Back in the early 1980s when I was a new
believer I remember something a local church used to do but now is just a
memory. They used to have a closed door gathering once a week they called
“believers’ meetings.” That was not open to the public; it was just
for committed Christians - a chance to get together without the general
public. I think they were onto something. It seems today, more than ever,
that needs to be looked at again.
Many Evangelical churches today end their
services with an altar call, assuming there are many uncommitted seekers
in the congregation. After all, they are advertised in the Yellow Pages
and have billboards out in front of their buildings inviting in the
neighborhood for fellowship, communion, and friendship.
One
minister wrote:
“When
unbelievers attend the main gatherings of the church, they should expect
to hear deep, challenging, doctrinal teaching rather than simplistic
messages designed only for immature Christians or lost people. The
gatherings of the church are primarily meetings for believers. Therefore
the teaching in this setting should be geared toward spiritual growth and
increasing Christian maturity. The idea that these gatherings should be
primarily focused on evangelism and numerical church growth is foreign to
the New Testament. Most of the evangelism described in the New Testament
occurred in other contexts (e.g., synagogues, market places, public
discussion forums, etc.).”
In Hebrews 10:25 we’re admonished, “not
forsaking the assembling of ourselves together, as is the manner of some,
but exhorting one another, and so much the more as you see the Day
approaching.”
Certainly we see the Day approaching and I
don’t believe for a minute that the writer of Hebrews was admonishing us
to not forsake going over to the local “church” and watch the speaker
from the pulpit around the backs of the people’s heads in front of us.
This idea that the “pastor” is the man in which all the gift of the
Spirit reside on behalf of the church is a modern invention.
No, on the contrary, not forsaking the
assembling together as we see the Day approach tells me that as the coming
of Christ draws near we’re going to need each other just as they did in
the first century. We’re going to need to help one another to see
through various deceptions, to assist each other in emergencies, to share
our finances with other believers in need and to actually be the body of
Christ with each member doing their part. We sure don’t witness that
going on in today’s pastor-centered churches.

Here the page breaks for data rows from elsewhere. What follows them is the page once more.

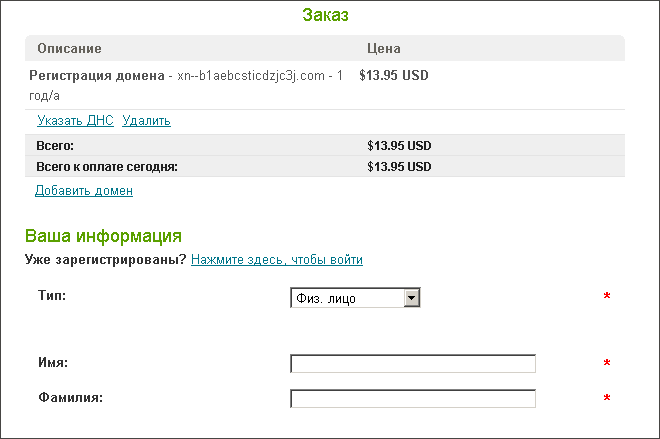 Для заказа кириллических доменов (IDN-доменов) перейдите на страницу "Цены и заказ доменов".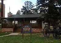 The Pikes Peak Museum comprises six buildings that tell the history of the pass, people who traversed it, and the communities founded along the pass. The buildings include the museum center, four cabins and a jailhouse, with exhibits that convey the lifestyle, industries, transportation, and communities along Ute Pass. Its exhibits includes information about the Ute people and early pioneers.[8]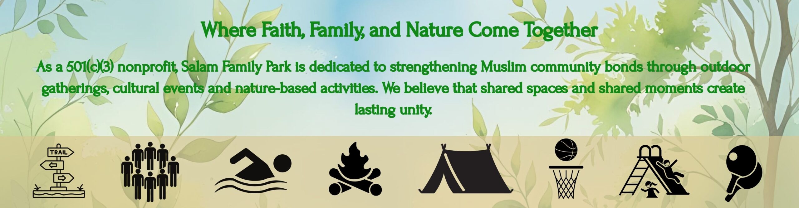 At Salam Family Park, a non-for-profit organization, our mission is to promote family bonding among Muslims by creating a welcoming, faith-centered environment for all ages. Whether it’s a weekend picnic, a lively game on the sports field, or kids laughing in our safe, colorful playgrounds, every part of our park is thoughtfully designed to strengthen family ties. With community, safety and togetherness at the heart of what we do, Salam Family Park is more than just a park it’s a space where Muslim families come to connect, reflect and create lasting memories.

I hear from so many people that they
can’t find a good church in their area and some have even compromised by
going to churches that have a mixture of true and false teaching just so
as not to forsake assembling together. We do have a deep need for other
members of the body of Christ without whom we are merely amputated
members. But at gatherings where unbelievers are welcomed as participating
members the body becomes a dysfunctional mutant. Outreach to unbelievers
is vital to church life and to the spread of the Gospel, but that should
never be at the expense of the building up of the saints. When the saints
gather together then they can work side-by-side in evangelistic efforts to
convert the lost. Inviting the lost into the assembly of the saints, as
all churches who advertise to the lost do, opens up the body of Christ to
corruption.
My
advice to those who will not compromise by going to a church that does not
rightly divide the Word is to start a Virtual Church in their home.

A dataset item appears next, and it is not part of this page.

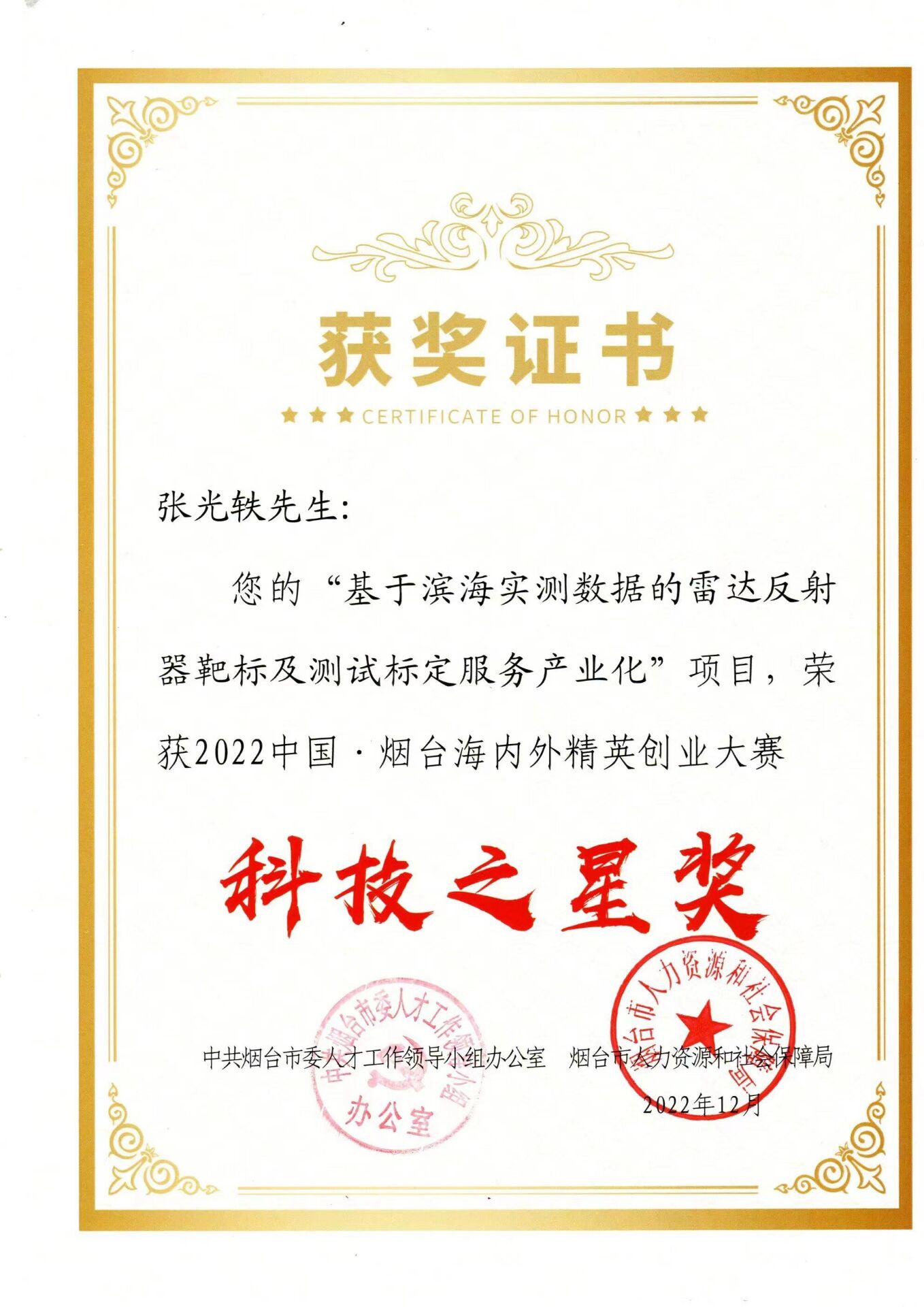 经过山东赛区预赛、山东赛区决赛、国内4大赛区决赛,张光轶老师申报的项目在279个项目中脱颖而出,并最终成为20个获奖项目之一,其本人也被评为“2022中国烟台海内外精英创业大赛科技之星”。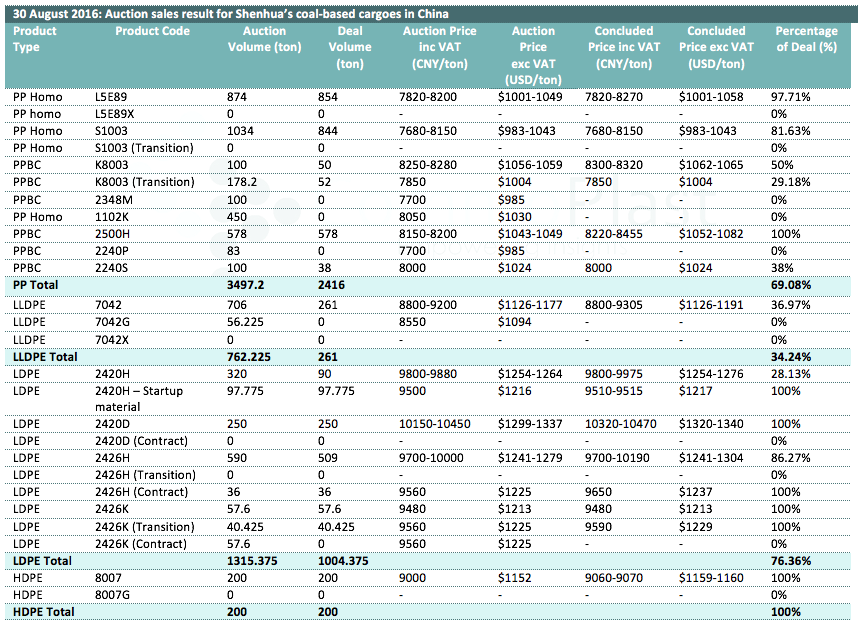 30 August 2016: Auction sales result for Shenhua's coal-based cargoes in China

“Virtual” meaning that their teaching will be by gifted teachers via
the Internet or DVD. They can invite other believers over to listen to a
solid message -- one that is biblical and then break bread together with a
New Testament love feast, praying together and helping each other meet
needs.
As
I monitor Christian television I have seen a lot of false and true
programs on the same networks. I have recently been watching the new Jim
Bakker show that is seen on our local Christian television station. I may
not agree with Bakker on many things but one thing I believe he is doing
right is trying to build a Christian community. He quotes from the same
verse in Hebrews to show that as the Lord’s coming draws near, we will
need one another more than ever and that the assembling together has
nothing to do with what “church” we attend once a week. He is building
homes and condos in the Ozark Mountains of Missouri as a place where
believers can assist each other in difficult times. My hat is off to him
in his efforts. The only problem is his affiliation with false teachers
such as Rick Joyner and his own son Jay Bakker makes this a community I
could not be a part of.
But
he does have the right idea - the assembling together is exclusive to
born-again believers and unbelievers should not share our believers’
meetings, but should be the ones we go out to the highways and biways with
the Gospel, inviting them in after they have become one of us.
“Now,
therefore, you are no longer strangers and foreigners, but fellow citizens
with the saints and members of the household of God, having been built on
the foundation of the apostles and prophets, Jesus Christ Himself being
the chief cornerstone, in whom the whole building, being fitted together,
grows into a holy temple in the Lord, in whom you also are being built
together for a dwelling place of God in the Spirit.”